Em artigo científico específico sobre o tema, o Professor Doutor Phillip Gil França apresentou alguns fundamentos jurídicos que sustentam a importância da defesa e do respeito à dignidade da mulher, em especial, da gestante, para a preservação do princípio da isonomia do próprio concurso público, tal como no referido caso julgado pelo STF. “Isso porque, a questão indicada contra a eventual possibilidade do pedido de adiamento da indicada etapa de teste físico desse concurso público equiparava a gestação da mulher requerente como alguém que portasse algum tipo de doença.
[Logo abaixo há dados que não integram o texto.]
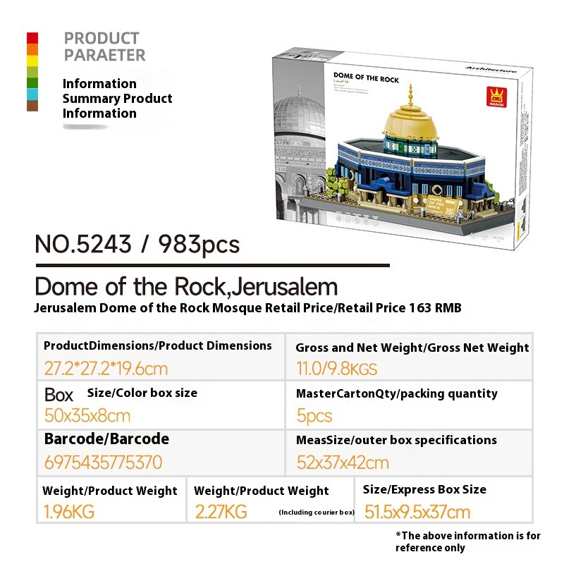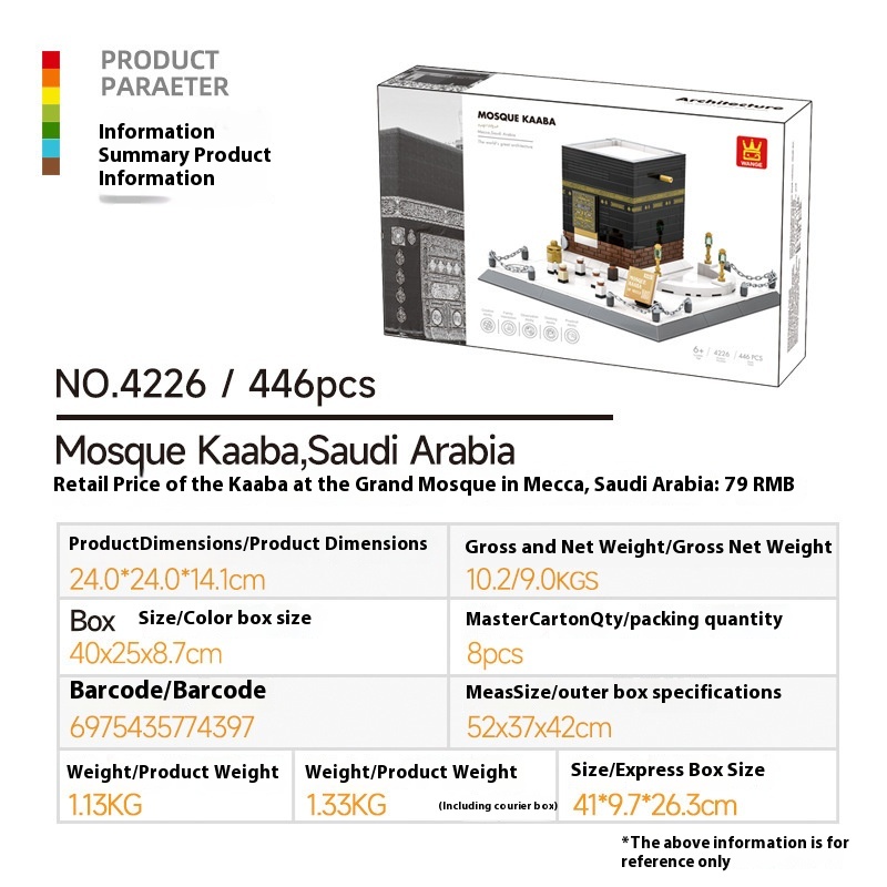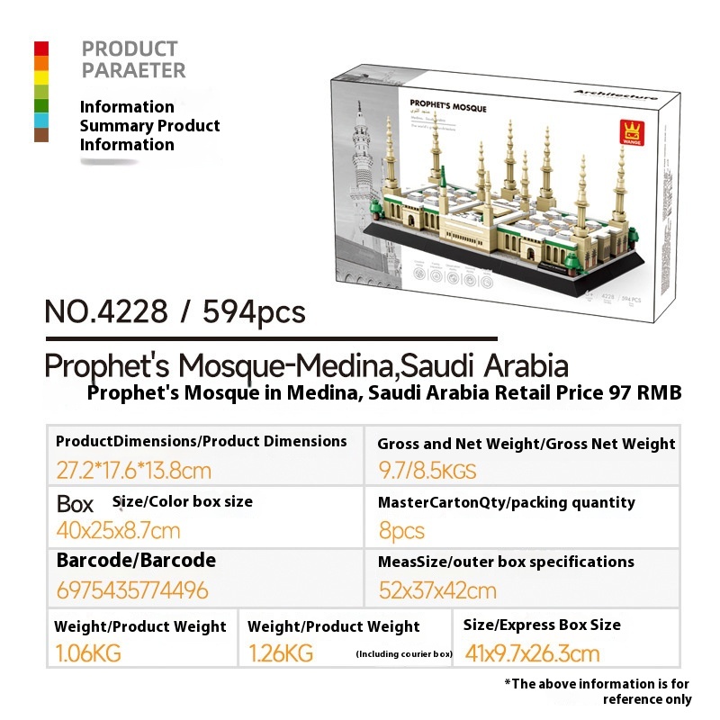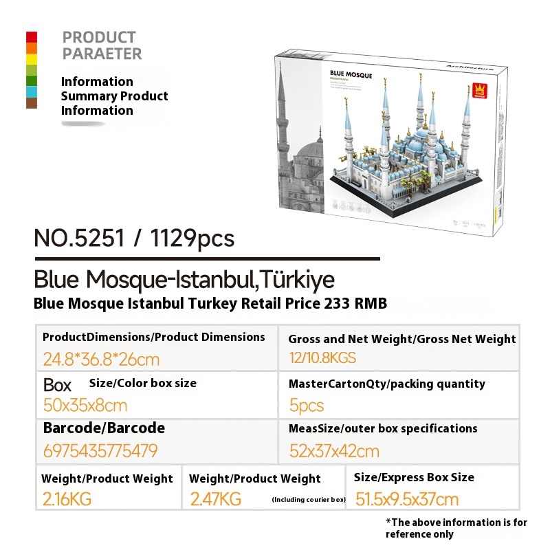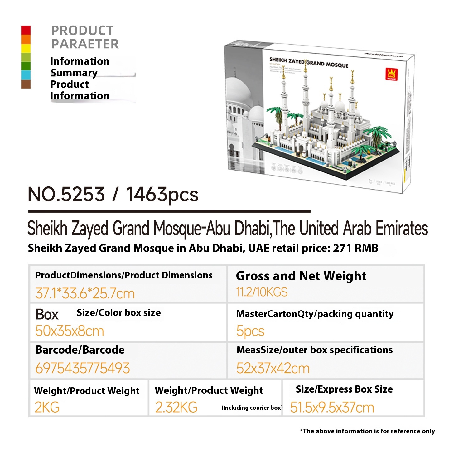 Color: 5251 Turkey Istanbul Blue Mosque [1129PCS],5253 Abu Dhabi Sheikh Zayed Grand Mosque [1463PCS],5243 Jerusalem Rock Dome Mosque, 4226 Saudi Arabia Mecca Grand Mosque kerbai,4228 Saudi Arabia Medina Al-Masjid al-Nabawi, 6220 Saudi Arabia Mecca mosque
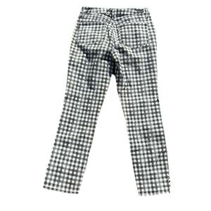 Split ankle checkered print adds flair to these chic straight jeans. Zip fly with button closure. 5 pocket styling. Checkered print. Straight leg. 98% cotton, 2% elastane. Black and white checkerboard checkered gingham check print. Size 30. Approximate measurements lying flat are 15” waist, 10 1/2” rise, and 28 inseam. In great preowned condition with no flaws.
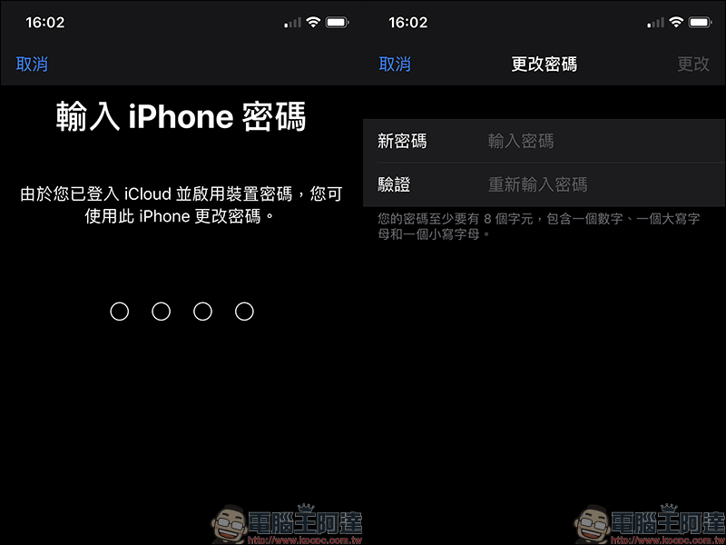 可以看到依循上述的步驟進入帳號變更密碼,畫面會顯示「由於您已登入 iCloud 並啟用裝置密碼,您可使用此 iPhone 更改密碼」。此時只要輸入 iPhone 的解鎖密碼,就能直接通過認證直接更改 iCloud (Apple ID)密碼:
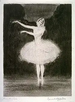 Ab 1909/1910 skizzierte und radierte er viele Darstellungen des populären Russischen Balletts. Seine Eindrücke von den Tanzaufführungen hielt Oppler unmittelbar während der Theaterbesuche fest, wofür er einen speziellen beleuchteten Zeichenstift erfand, der ihm das Skizzieren seiner Eindrücke von der Bewegung im abgedunkelten Zuschauerraum ermöglichte. Auf dem Gebiet der Darstellung von Ballettszenen wurde er der bedeutendste deutsche Chronist des künstlerischen Tanzes. Später rekonstruierte und konkretisierte er seine skizzierten Momenteindrücke von bewegten Figuren in Zeichnungen, Radierungen, Lithographien, Aquarellen und Gemälden. Ausdrucksstark waren die malerischen Tonwerte seiner Radierungen, die er durch flächige Aquatintakörnung und Weichgrundätzungen erzeugte. Diese Technik ermöglichte ihm ein breites Spektrum an Hell-/Dunkelwerten. Ernst Oppler blieb zeitlebens ein distanzierter, leidenschaftlicher Beobachter und kultivierter Ästhet des Balletts, dies brachte ihm den Spitznamen der Tanzmaler ein. Anders als Edgar Degas, der zuvor schon namenlose Ballerinen in der Pause, beim Training, Schnüren der Ballettschuhe und Verbeugen dargestellt hatte und als Ballettmaler galt, eigentlich aber nur ein Genre festhielt, stand bei Oppler die tänzerische Bewegung selbst, das jeweilige Ballettwerk und der individuelle, meist prominente Künstler im Vordergrund (Anna Pawlowa, Tamara Karsavina, Vaslav Nijinsky u. v. a.).[27] Bald wurde Oppler explizit eingeladen, bei den Proben und Aufführungen zu zeichnen, dadurch sind beispielsweise Proben mit Richard Strauss in Paris durch Zeichnungen und Radierungen dokumentiert.[28]
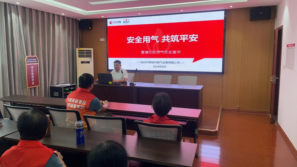 在社區(qū)會(huì)議室,揚(yáng)州中燃“藍(lán)焰”志愿者還為即將使用天然氣的莊臺居民,帶去了一場燃?xì)獍踩褂弥黝}講座,對燃?xì)獍踩WR、夏季安全用氣注意事項(xiàng)、燃?xì)馐鹿试蚍治龅冗M(jìn)行了詳細(xì)的講解。
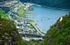 Loen Skylift, som ble åpnet av Dronning Sonja i mai 2017, tar deg opp til Hoven, der du foruten å bli belønnet med en utsikt langt utenom det vanlige, også finner en restaurant.
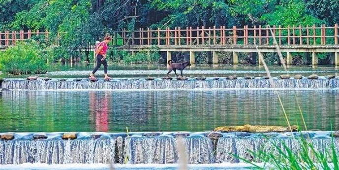 村民從響土村河間的跳巖上走過。海南日報記者 陳元才 攝
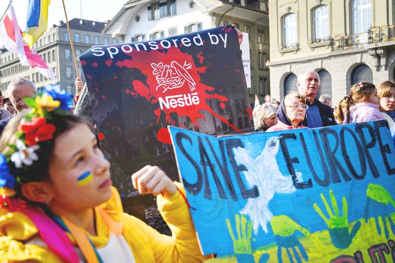 Ukrainian President Volodymyr Zelensky on Saturday called out Nestle for still doing business in Russia in a streamed speech to thousands of protesters in the Swiss capital, Bern.
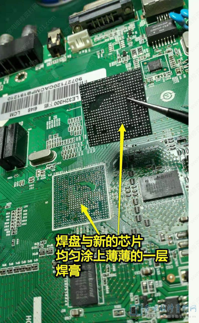 今天芯片到货,原机型号:MSD6I48TXA-LF-TG 购买型号:MST6148ZX-LF-Z1-UB,店家说明可以代换。随即清理焊盘,焊盘与芯片都均匀涂上BGA焊膏,薄薄一层就可以,快克853用于底部加热,温度200左右,预热几分钟后,开启热风枪,调节至380度左右,40的风速,间隔芯片一厘米左右均匀晃动,当焊膏加热冒烟时,用镊子轻轻推一下芯片能自动回位就说明基本成功了,撤掉风枪关掉预热台,让板子自然冷却后,试机,没想到彩电成功开机了图像伴音均正常。常常看到论坛有大师手工换BGA,今天我也能换上了,大芯片第一次还居然成功!
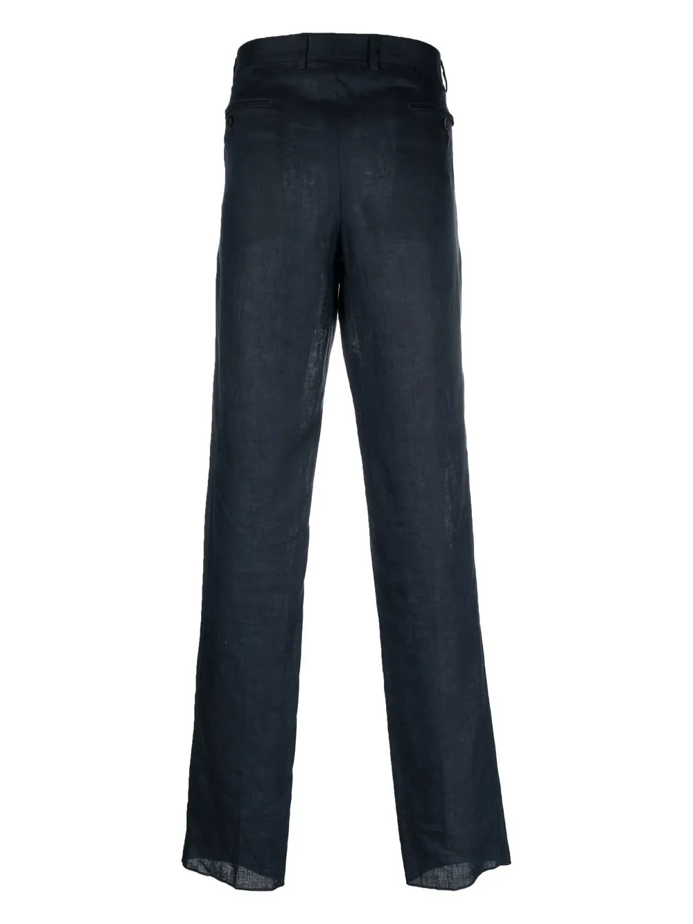 Темно-синий, лен, вышитый логотип сзади, петли для ремня, смещенная застежка на пуговицах спереди, застежка на молнии спереди, строгий крой, два прорезных кармана по бокам и два кармана с листочкой сзади.
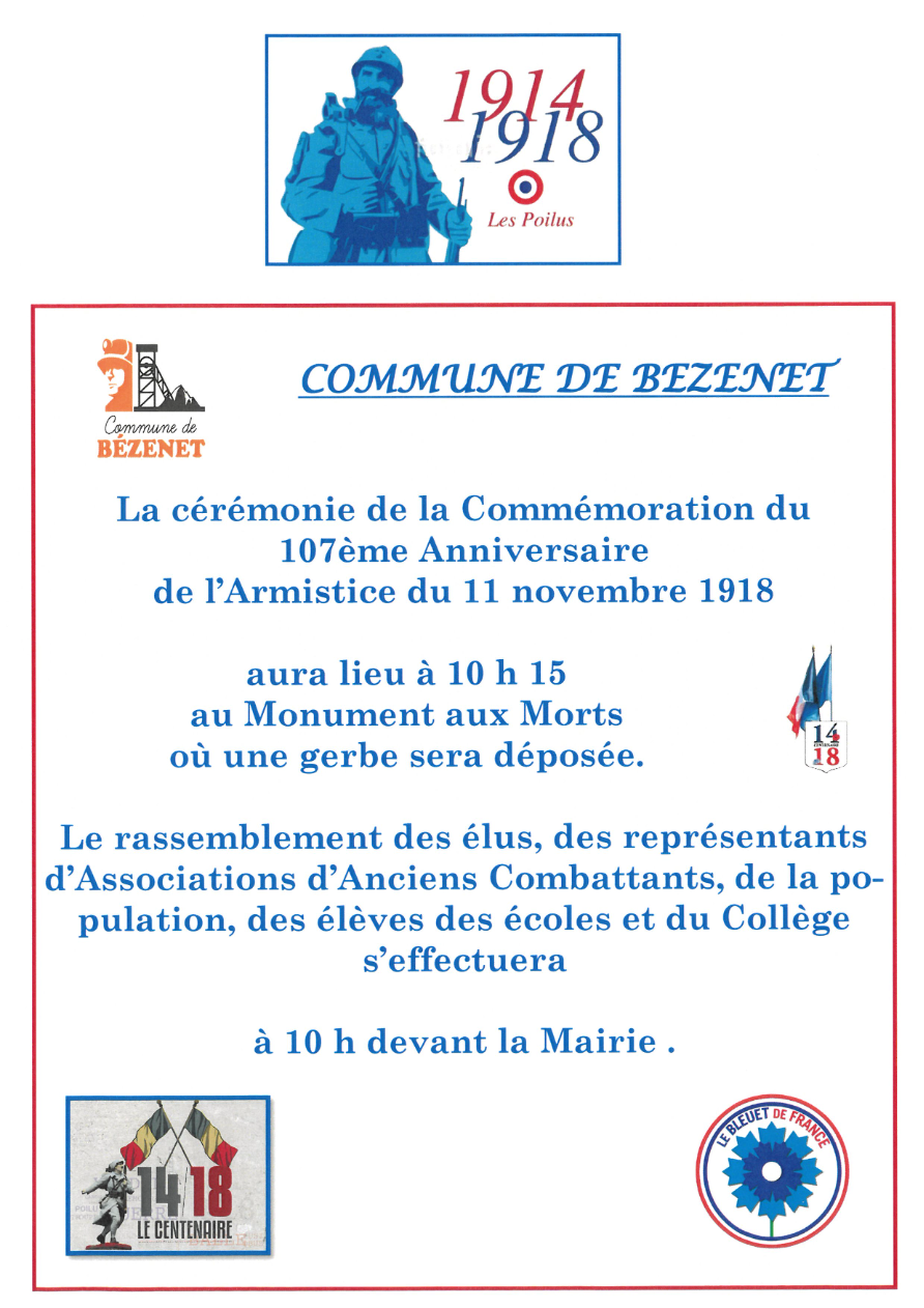 La cérémonie commémoration du 107ème anniversaire dd l'Armistice du 11 novembre 1918, aura lieu à 10H15 au Monument aux Morts ou une gerbe sera déposée.
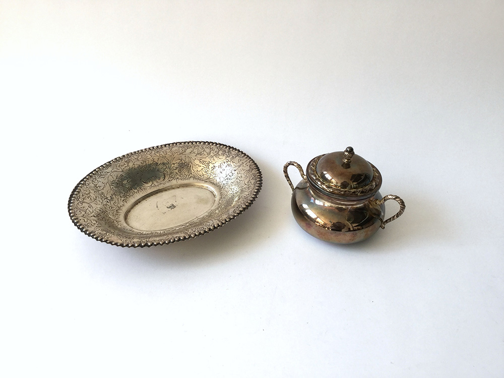 Lotto composto da un vassoietto con tesa sbalzata e una zuccheriera biansata in argento, (gr 560 ca)
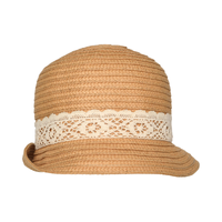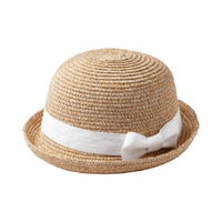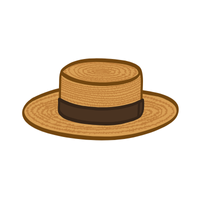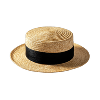 Stiff straw hat with flat top and ribbon, classic summer style, often used for boating or parties.

Porém, obviamente, a gestação não é doença e as mulheres precisam ser respeitadas todos os dias e a cada dia em todas as perspectivas e dimensões constitucionalmente protegidas”, explica Phillip.

Ainda de acordo com o professor, o voto do Ministro Fachin, fundamentado através de seu artigo seguiu o caminho de proteção da mulher. “O voto foi fundamentado, não como mero favor de homens, e, sim, como legítima proteção dos valores constitucionais que sustentam o Estado Democrático de Direito em que vivemos e que permanentemente buscamos manter uma harmonia entre seres humanos, sejam eles homens ou mulheres”, declara.